GPRC became a non-profit in October 1999, and is headquartered in Fort Worth, Texas, with additional operations in Thunder Valley, South Dakota on Pine Ridge Indian Reservation.
Great Plains Restoration Council was founded out of the awareness that the violence that people do to each other mirrors the violence that people do to the Earth. GPRC works to bring people of all colors, cultures and communities together to help heal themselves through healing the Earth. Based in Fort Worth, Texas, with an additional office on Pine Ridge Indian Reservation in South Dakota, GPRC is the main founder of the Ecological Health movement, which is the next evolution beyond Environmental Justice, and defined as
“the interdependent health of humans, animals and ecosystems.”
By blending social work with ecological recovery protection, GPRC works to heal both social and ecological devastation at the same time.

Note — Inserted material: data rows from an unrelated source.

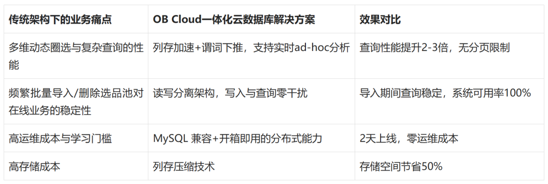 三、OB Cloud:为选品场景量身打造的一体化云数据库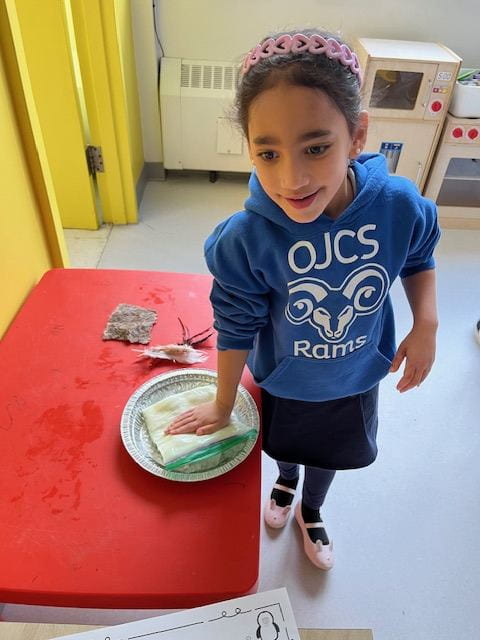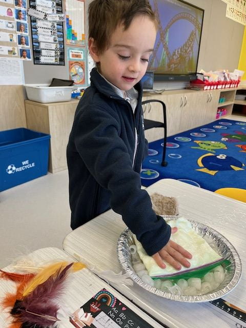 Over the last week, SK has been exploring and discussing how animals get ready for winter. Through books, videos, songs and crafts, they have learned that some animals adapt, some migrate, and some hibernate in order to survive the winter months. Today, they experimented with Fat (vegetable shortening in a baggie), Fur (faux, of course!) and Feathers to see which kept their hands the warmest when touching ice. The students were so engaged and enthusiastic as they tried different combinations to see which would keep their hands warm…. the combo of fat (blubber) and fur was the clear winner!! Check out the photos below from the experiment…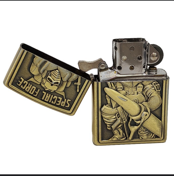 فندک طرح زیپو با طرح سه بعدی . بطری بنزین زیپو فندک با حجم 20 میلیلیتر. یک عدد سیگار همراه جعبه فلزی
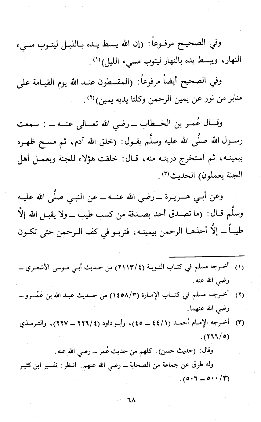 وفي الصحيح أيضا مرفوعا: «المقسطون عند الله يوم القيامة على منابر من نور عن يمين الرحمن، وكلتا يديه يمين» .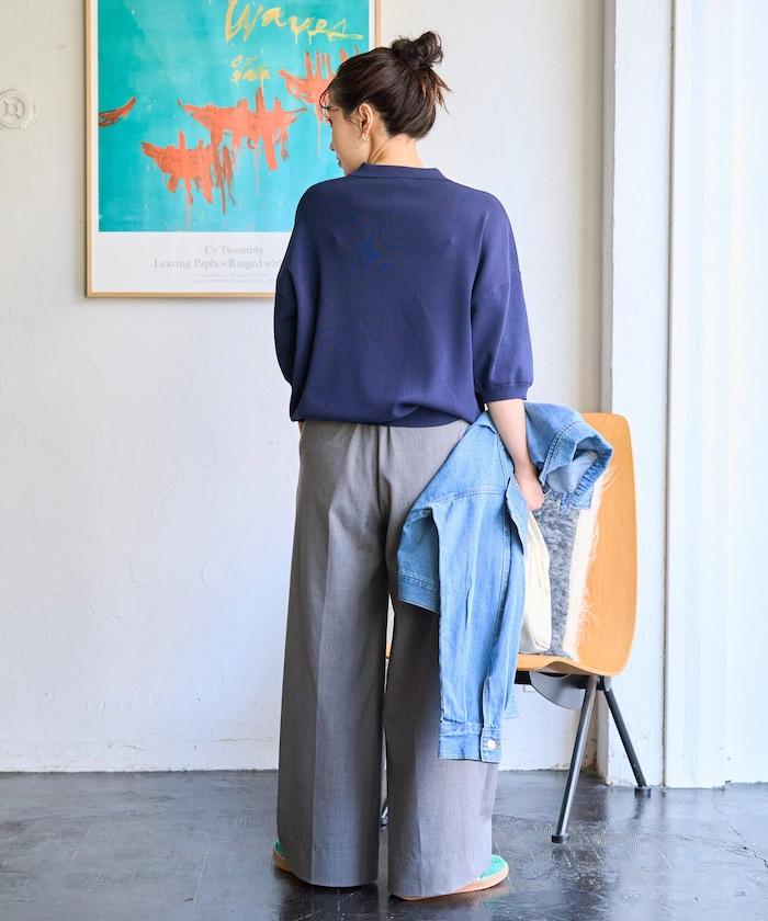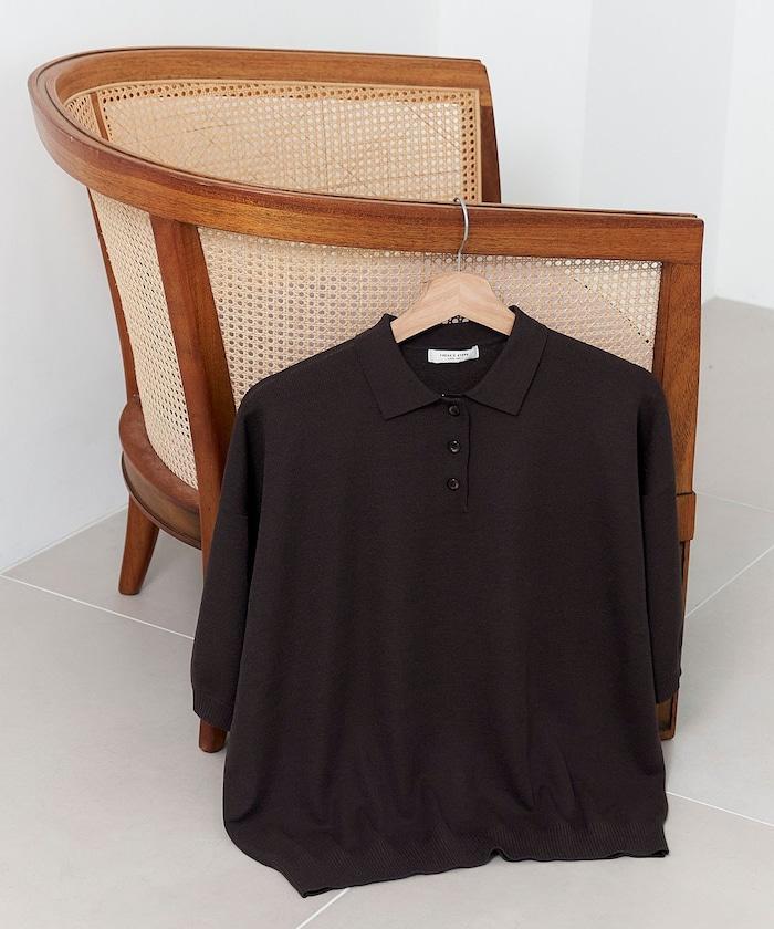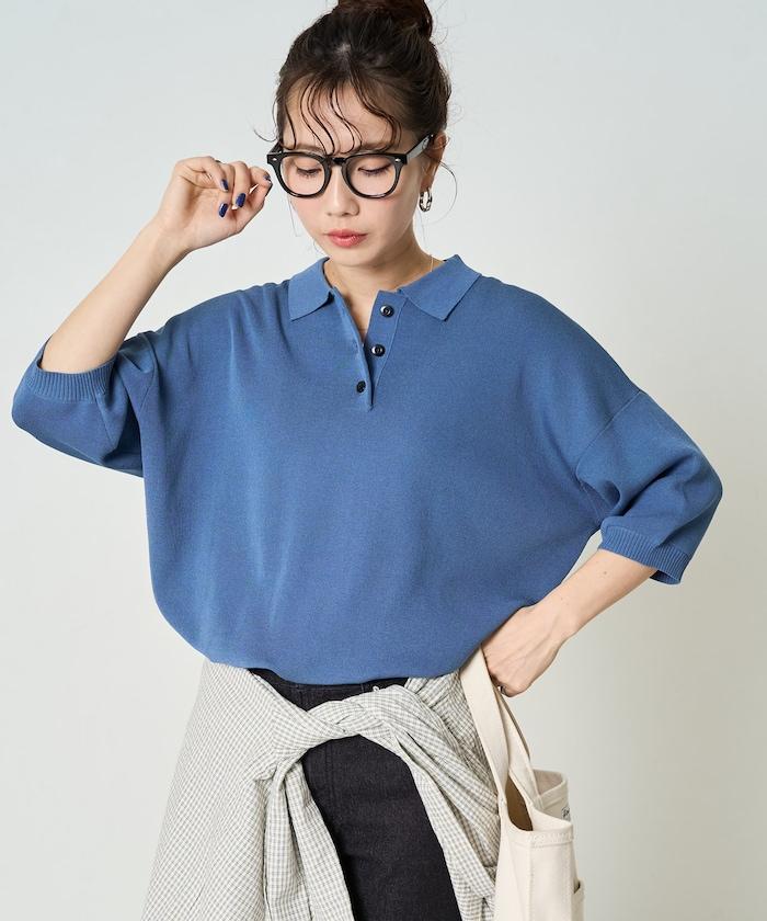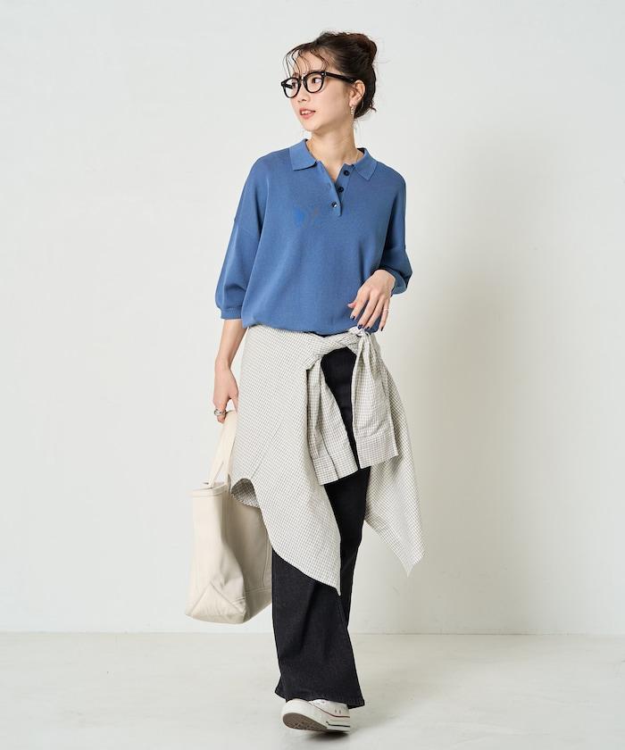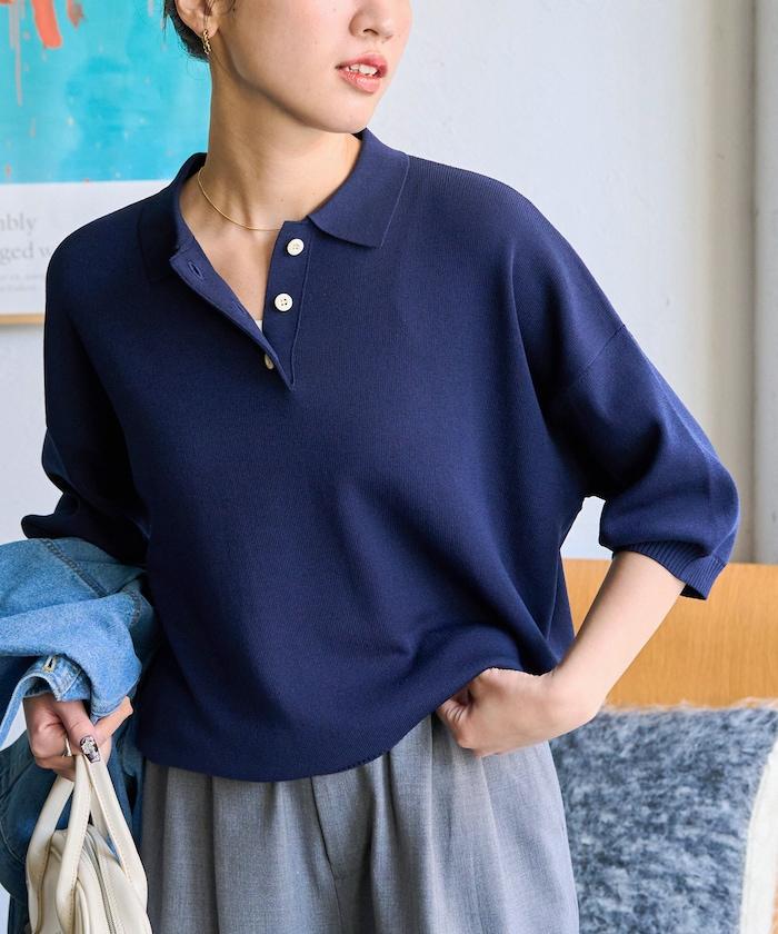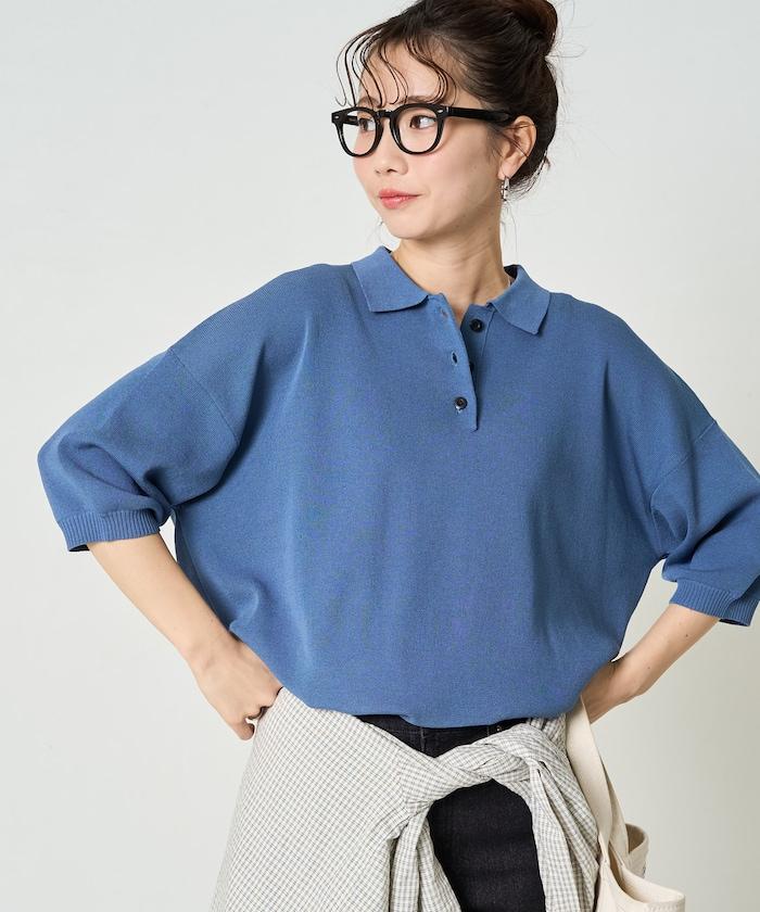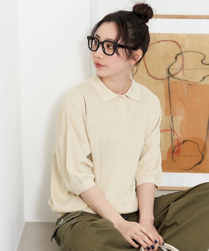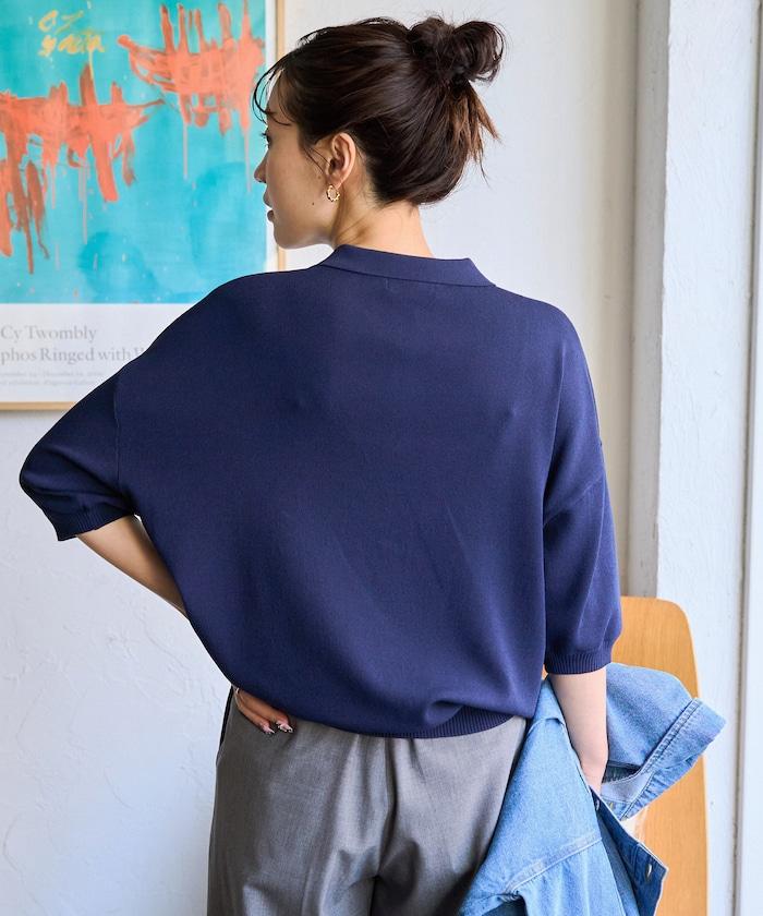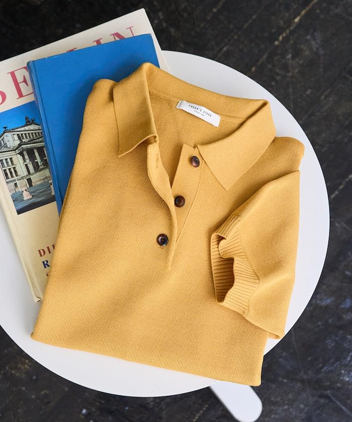這款短袖 polo 針織衫根據下裝搭配的不同,給人完全不同的感覺。

Through its award-winning Plains Youth InterACTION program, inner city and American Indian youth leaders work to protect and restore new prairie wilderness, and learn to take care of their own health and that of our communities at the same time, all interconnected.
GPRC has so far protected two prairie and plains reserves: 4600 acres adjacent to Badlands National Park in South Dakota and 2,000 acres of critically endangered urban tallgrass prairie wilderness in Fort Worth, TX.